# Vikes sign Jared Allen!!!!!



## Ref

The MPLS Star and Tribune is reporting that the Vikes have signed Allen!!!!


----------



## Springer

Largest NFL defenseman contract ever. 6 years just under $74 million

Cost them this years 1st round and 2 third round picks and they are swapping 6th round picks.


----------



## KEN W




----------



## bandman

Nice rabbit pulled out once again Zygi Steinbrenner!!!! :bartime:


----------



## taddy1340

Good sign for the Vikes...kind of at a high cost. Too bad he can't play QB!


----------



## Shu

This is a great deal...........hope it works out for the Vikes! :beer:


----------



## jgat

Ain't no stoppin us now!!!


----------



## fylling35

I like the move. Just think of how many DEs we have drafted in the first round in the past 10 years and none of them have been that great. Hopefully the Vikes can still get some decent players with their picks....the loss of those 3 picks really tames down my urge to watch the draft on TV though.


----------



## holmsvc

I hope they got a driver for Allen. He could be suspended for a year if he gets another DUI.


----------



## KEN W

The way it looks the Vikes were probably looking at a DE with their first rounder anyway.An unproven rookie.So really they gave up two number 3's to get a proven all pro DE.

The best 2 DE in the draft would most likely have been gone and to get 1 of them by moving up would most likely have cost at least as much as they gave up.

Using the total points system for draft picks.....The Vikes number 1 plus both 3's would equal the 9th pick in the draft.Jared allen wouldn't still be there at number 9.
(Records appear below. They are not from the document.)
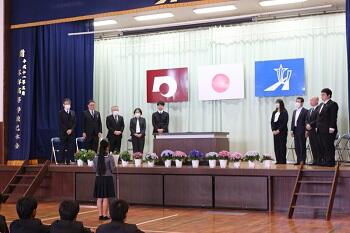 また、生徒代表謝辞では「先生方が私たちをサポートしてくださったおかげで、私たちは大々的な行事に全力で取り組むことができ成長することができました。またいつか先生方とお会いした時には成長した姿を見されれるように頑張っていきたいと思います。本当にありがとうございました。」と述べていました。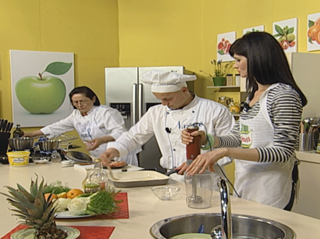 Nuk kanë munguar recetat e shijshme të sjella me mjeshtëri dhe fantazi nga zonja Tefta, të cilat kanë qenë “Kek me ananas” dhe Salmon me salcë portokalli”.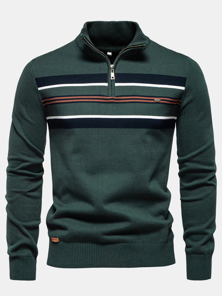 Man Stripe Half Zip Sweater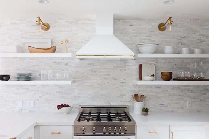Используйте открытого плана полки, чтобы разбавить белый фон. Если в абсолютно белой кухне чувствуете себя как в больничной палате, тогда установите открытые полки, которые добавят красок. Благодаря цвету материалы, из которого изготовлены полки, и цвету тех предметов, которые вы на них поставите, включая, заварочные чайники, кружки и другие аксессуары, кухня заиграет по-новому.
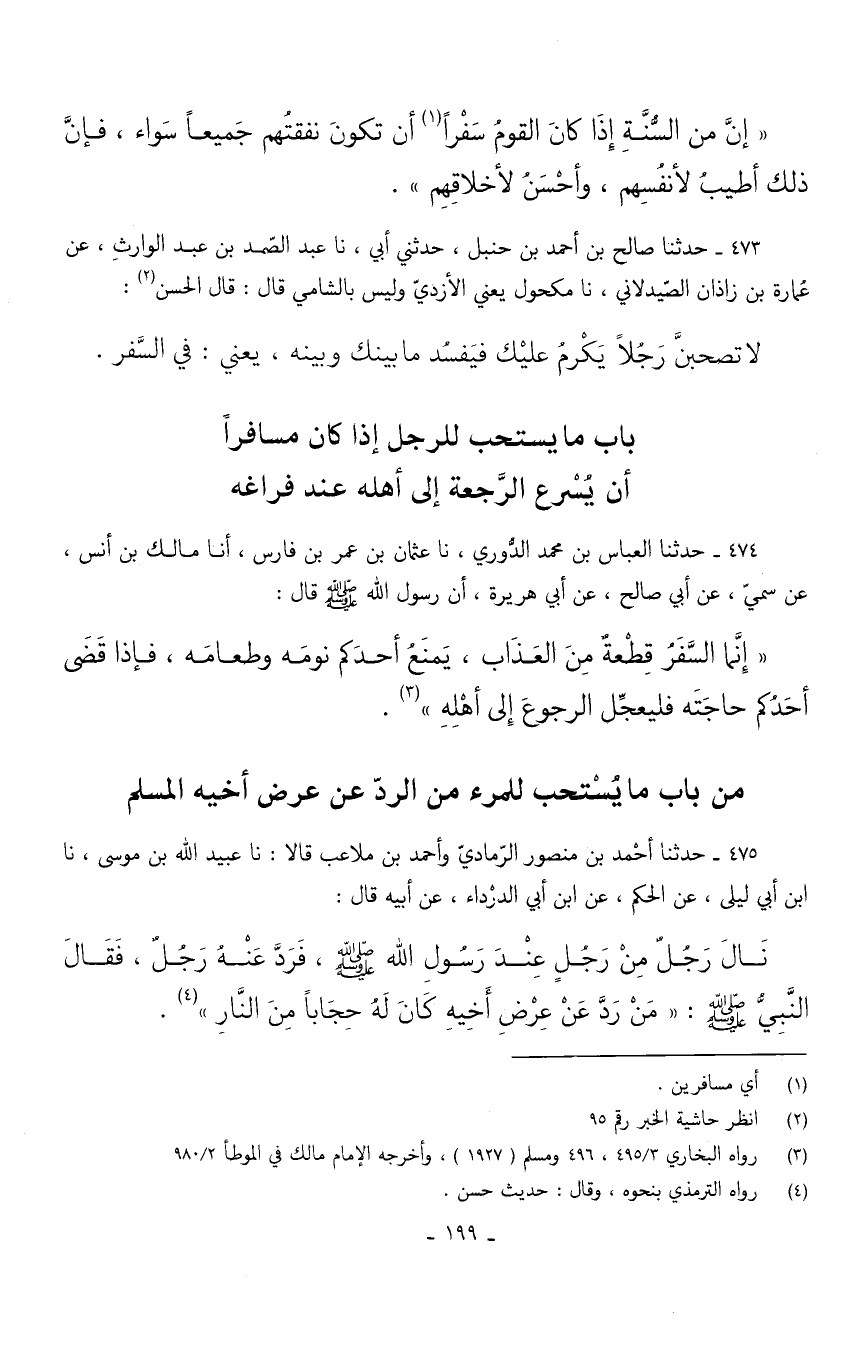 إِنَّ مِنَ السُّنَّةِ إِذَا كَانَ الْقَوْمُ سَفْرًا أَنْ تَكُونَ نَفَقَتُهُمْ جَمِيعًا سَوَاءً فَإِنَّ ذَلِكَ أَطْيَبُ لِأَنْفُسِهِمْ وَأَحْسَنُ لِأَخْلَاقِهِمْ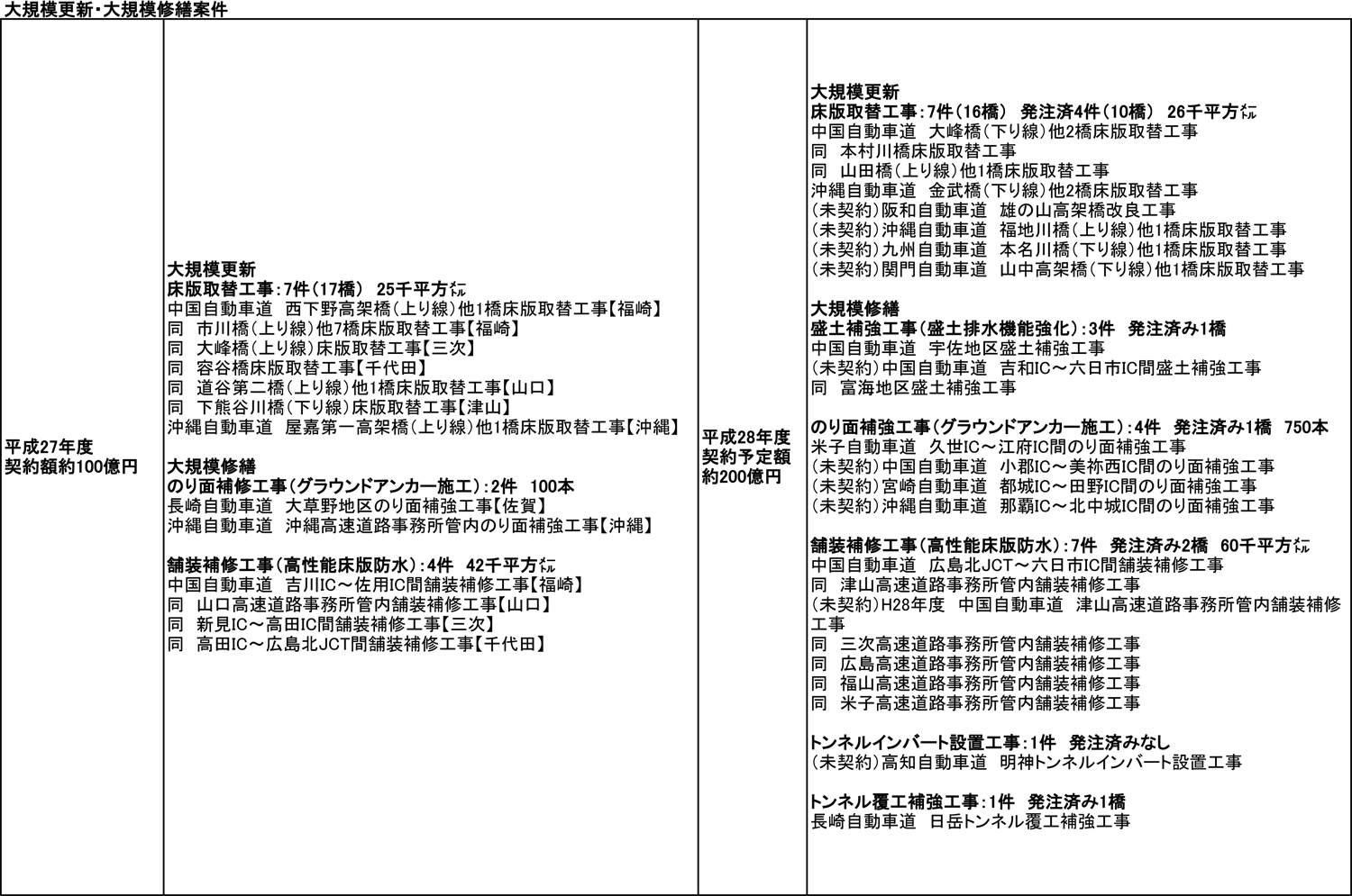 なお個別の規模感で申し上げますと、床版取替が平成27年度25,000平方㍍、28年度26,000平方㍍、法面補強工事がグラウンドアンカー施工で27年度100本、28年度750本、高性能床版防水工が27年度42,000平方㍍、28年度60,000平方㍍となっています。

With 3 all pro defensive lineman their defense should be awesome.But it will eventually come down to QB.But looking at the division.....Rodgers with no experience,Kitna inconsistant,and Grossman or Orton for the Bears,all 4 teams are in the same boat at that position.The Vikes by far have improved the most since last season. :beer:


----------



## fishhook

KEN W said:


> The way it looks the Vikes were probably looking at a DE with their first rounder anyway.An unproven rookie.So really they gave up two number 3's to get a proven all pro DE. :beer:


I was thinking the same thing. Now if we just had a qb. At this point I don't know if i trust tjax enough to lead this team. A veteran middle of the road guy might be good enough to lead this team to great things. I don't think there is any chance of that however, so tjax, it's up to you ....lead us to the championship...... :jammin: :jammin: :jammin:


----------



## Shu

Maybe Farve smelled this coming, it made him cry, then made him retire????


----------



## Goldy's Pal

> The way it looks the Vikes were probably looking at a DE with their first rounder anyway.An unproven rookie.So really they gave up two number 3's to get a proven all pro DE.
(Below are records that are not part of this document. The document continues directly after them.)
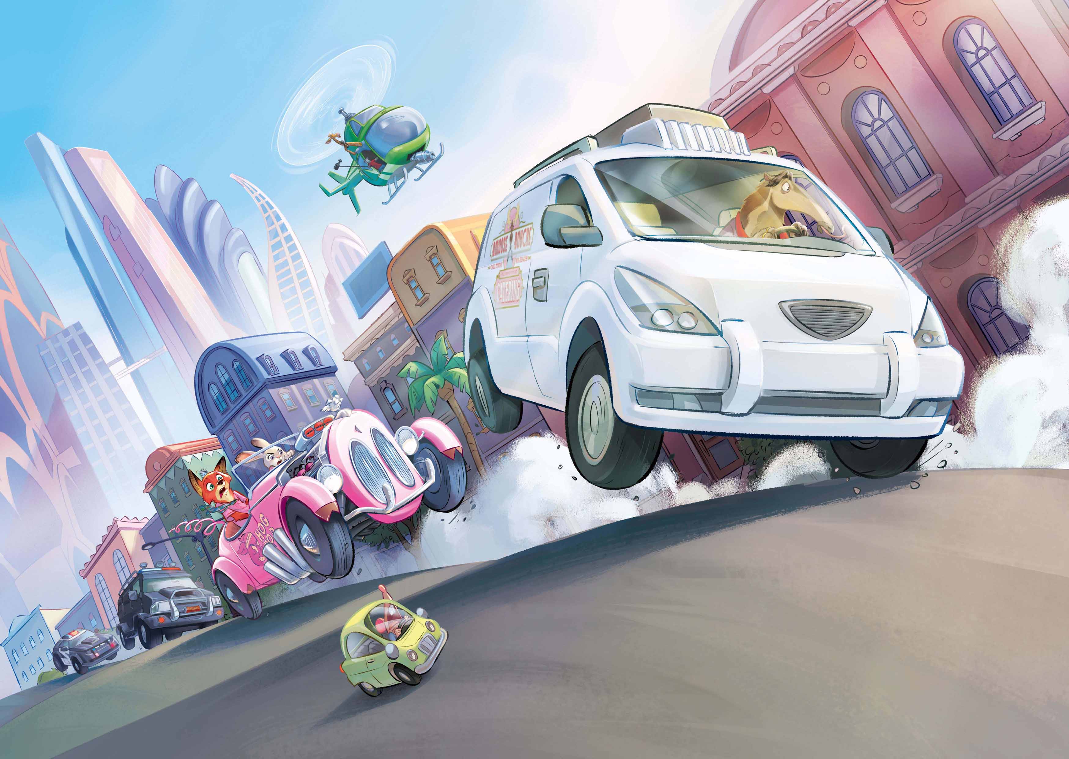 当市民们低头默哀时,餐车撞上了雕像!食蚁特检察员从车里飞了出来,正好落进附近的一辆警车里。车里的两名斑马警官不敢相信自己的好运气。他们对视一眼,齐声喊道:“斑马搭档!”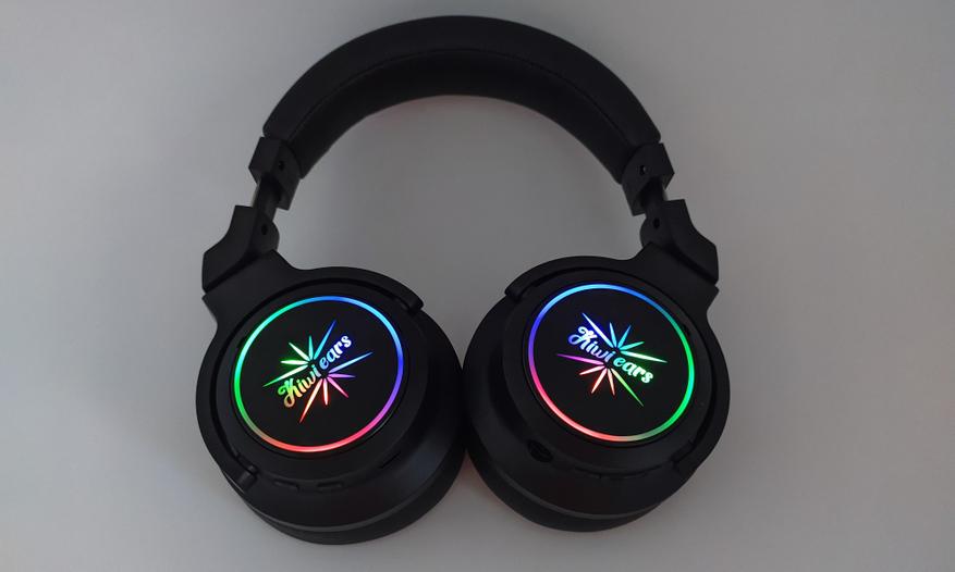 У наушников на фейсплейтах есть встроенная RGB-подсветка. При выключенных наушниках подсветка не включается. Если наушники включены, то подсветка доступна при любом подключении. У подсветки два режима: статичное и со сменой цветов по кругу с периодичностью 0,5 секунды.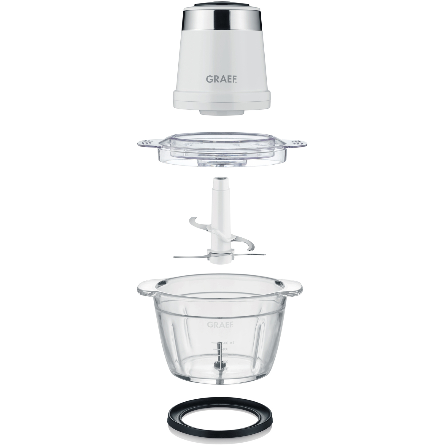 Graef CH501EU – це компактний пристрій, який можна без проблем зберігати в шафі або прямо на столі, якщо ви часто користуєтеся ним. Він не займає багато місця і швидко збирається за потреби. При цьому його якісний скляний контейнер об'ємом 1 л міцний, безпечний для продуктів і простий в очищенні. Його можна мити як вручну, так і в посудомийній машині. А завдяки силіконовому кільцю в основі забезпечується висока стійкість всього аксесуара. Тому подрібнювач ще й максимально зручний та практичний.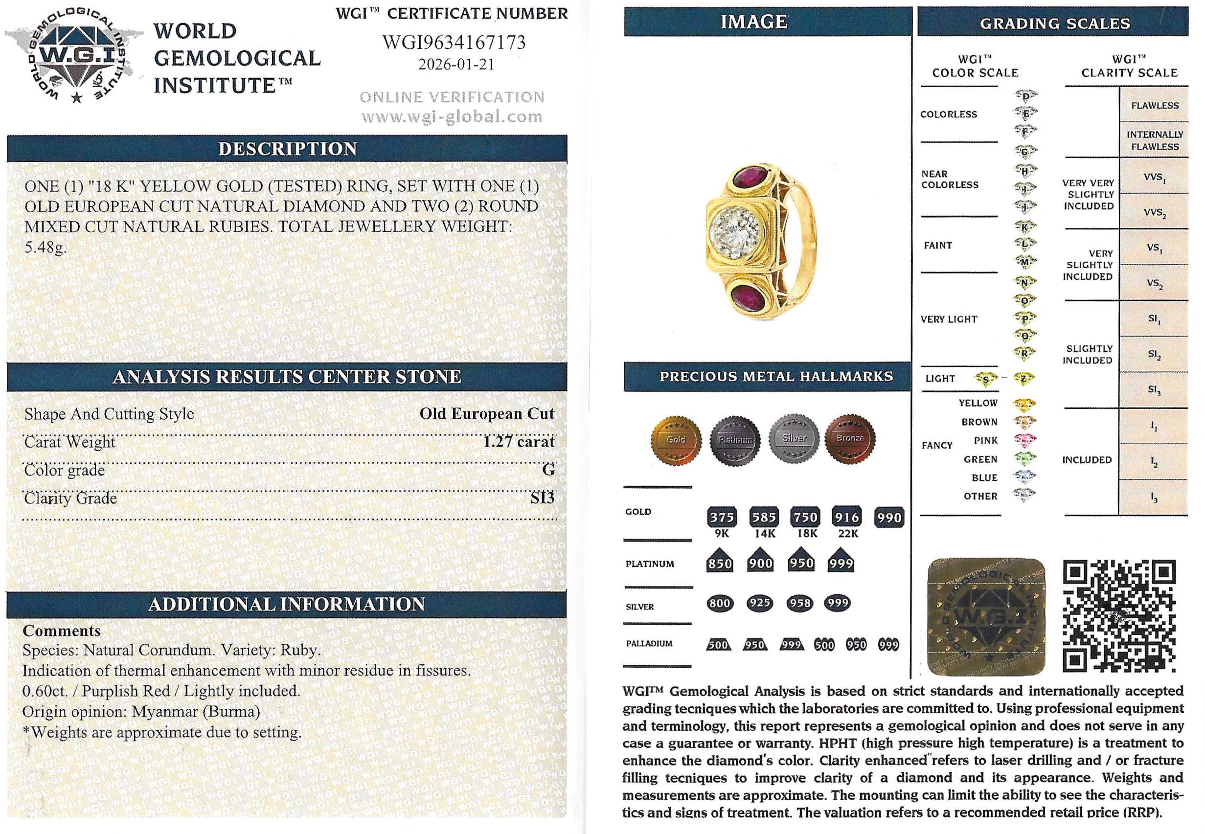 [message]A fabulous Art Deco three stone ring featuring a white and bright 1.27 carat old European cut diamond which is rubover set in yellow gold within a rose gold 'box', with a pair of bright red pigeon blood Burmese rubies either side. The crisp, geometric detailing in the gallery leads to a wide, flat 18k rose gold shank.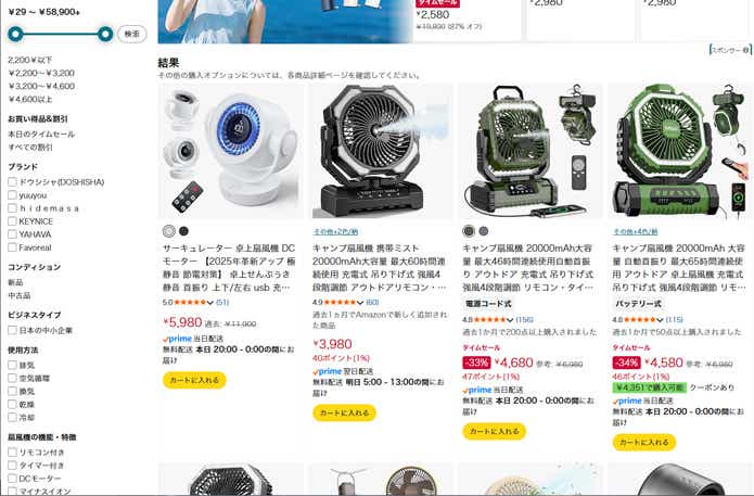 こちらは「テント内を少しでも涼しくしたい」……そんな気持ちで見ていたAmazonの画面です。今は戦車みたいな雰囲気の製品が多いようですね。

Yeah and signed! None of this first rounder holding out and not in camp BS.

:beer:


----------



## djleye

They also had to swap 6t rounders with the Chiefs. As long as he stays clean this is a good thing.. Maybe they can get Two Beer Tommie Kramer to help him out!!! :roll:


----------



## KEN W

I love his quote from today's press conference.....

"The two defensive tackles &#8230; I think the biggest problem we'll have is who is going to hit the quarterback first,'' Allen said.
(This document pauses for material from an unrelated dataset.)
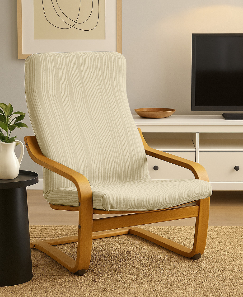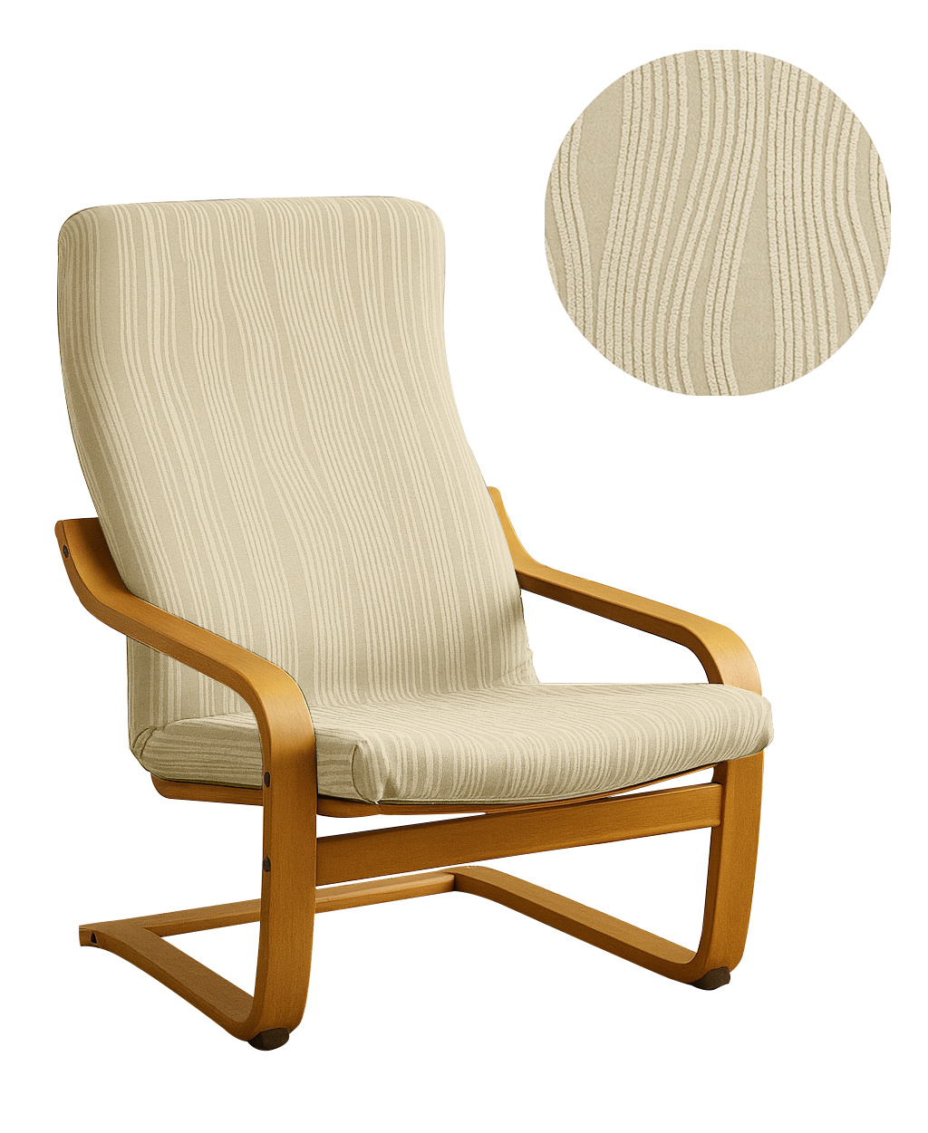 POKROWIEC na FOTEL FINKA KREMOWY żakard wypukły, PASY, tkanina strukturalna

Sept 9th......Aaron Rodgers gets flattened...........repeatedly :beer: :beer:


----------



## taddy1340

Tavaris Jackson...starting QB...nuff said. Another disappointing season for the Queens and their fans.

First pick is #47...no immediate impact QBs available then. Sure you have a running game, but what else on offense? You now have one receiver, but a QB that can't throw.

If you had a QB, I'd maybe worry, but not with TJack!


----------



## Goldy's Pal

> If you had a QB, I'd maybe worry,


Ditto. :lol:


----------



## nodakoutdoors.com

I'd hate to play the Viks D this year.

It'll be like the New York Giants on Tecmo Football ...... you better watch out b/c LT is coming every time! :lol:


----------



## KEN W

taddy1340 said:


> Tavaris Jackson...starting QB...nuff said. Another disappointing season for the Queens and their fans.
> 
> First pick is #47...no immediate impact QBs available then. Sure you have a running game, but what else on offense? You now have one receiver, but a QB that can't throw.
> 
> If you had a QB, I'd maybe worry, but not with TJack!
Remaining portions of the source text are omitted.